Interest-only investment loans are one way landlords are keeping costs down. Without the need to repay capital, the monthly payments are lower than for principal-plus-interest loans. This helps to maximise cash flow while continuing to benefit from capital growth.
Also, can I sell my house if I have an interest-only mortgage?
Benefits of interest-only
If you are buying to let, an interest only mortgage can be more convenient, as it keeps your overheads lower, and when the term expires you can just sell the property to repay the loan.
In this way, what are the disadvantages of an interest-only mortgage?
Disadvantages of an Interest-Only Mortgage
- No Equity Growth. Interest-only mortgages today generally require large down payments so lenders have collateral against default. …
- Home Values are Falling. …
- Riskier loans with Higher Interest Rates. …
- Variable Interest Increases.
What is an interest-only investment loan?
What is an interest only loan on an investment property? Where an interest only loan used to purchase an investment property, the loan repayments only cover the interest, not the principal. In other words, the loan amount (principal) to purchase the property remains unpaid.

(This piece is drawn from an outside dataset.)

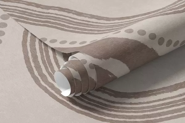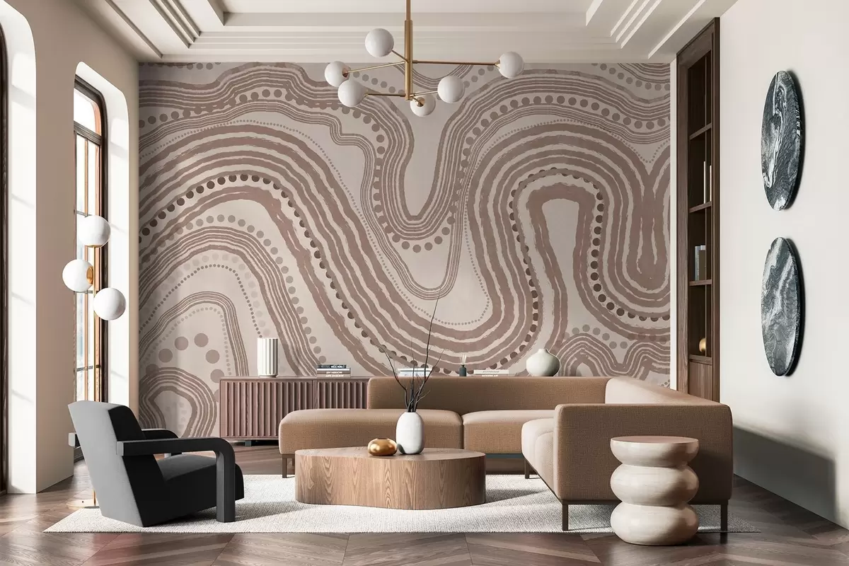 Zidne murale Apstraktne smeđe i bež valovite linije i točkice, moderna teksturirana umjetnost br. w09747v1

By paying P&I, you’re paying off the mortgage earlier in the term so you end up paying less in interest. … Reduced interest rates: Making principal and interest repayments makes you a lower risk than a borrower making interest only repayments so banks are willing to offer you cheaper interest rates.
The borrower only pays the interest on the mortgage through monthly payments for a term that is fixed on an interest-only mortgage loan. The term is usually between 5 and 7 years. After the term is over, many refinance their homes, make a lump sum payment, or they begin paying off the principal of the loan.